6. Section 504 of the Rehabilitation Act provides, “No otherwise qualified individual with handicaps in the United States ․ shall, solely by reason of his handicap, be excluded from the participation in, be denied the benefits of, or be subjected to discrimination under any program or activity receiving Federal financial assistance․” (29 U.S.C. § 794.)
7. Section 11136 provides, “Whenever a state agency that administers a program or activity that is funded directly by the state or receives any financial assistance from the state, has reasonable cause to believe that a contractor, grantee, or local agency has violated the provisions of Section 11135, or any regulation adopted to implement such section, the head of the state agency shall notify the contractor, grantee, or local agency of such violation and shall, after considering all relevant evidence, determine whether there is probable cause to believe that a violation of the provisions of Section 11135, or any regulation adopted to implement such section, has occurred.
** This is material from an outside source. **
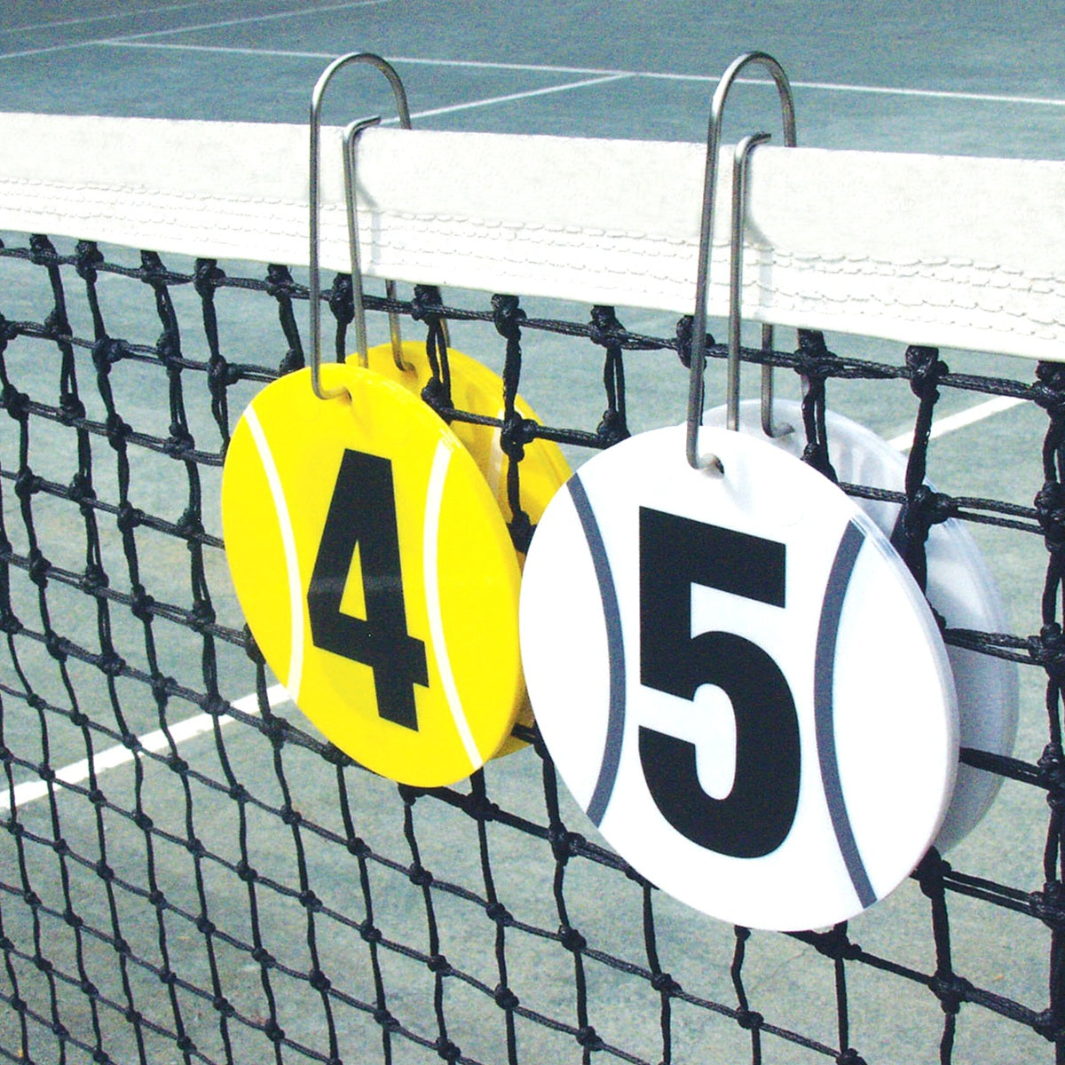 The Tourna Portable Tennis Score Keeper includes durable numbers 0 to 9 to keep track of the tennis match score using clips that attach to the net. This easy to use scoring system comes in a convenient carrying bag.

In the event that it is determined that there is probable cause to believe that the provisions of Section 11135, or any regulation adopted to implement such section, have been violated, the head of the state agency shall cause to be instituted a hearing ․ to determine whether a violation has occurred.”
8. The regulations adopted to implement section 11135 provide, similarly to the predecessor statute to the FEHA, “Except as provided in Section 98003, nothing in this Division shall be construed to preclude or restrict a person from judicially enforcing rights accruing under this Division pursuant to California Code of Civil Procedure section 1094.5.” (Cal.Code Regs., tit. 22, § 98003.)
9. Even though we may disagree with the reason for the trial court's decision, we uphold that decision if another theory supported by the record justifies it. (D'Amico v. Board of Medical Examiners (1974) 11 Cal.3d 1, 18–19, 112 Cal.Rptr. 786, 520 P.2d 10.)
DABNEY, Acting Presiding Justice.
HOLLENHORST and TIMLIN, JJ., concur.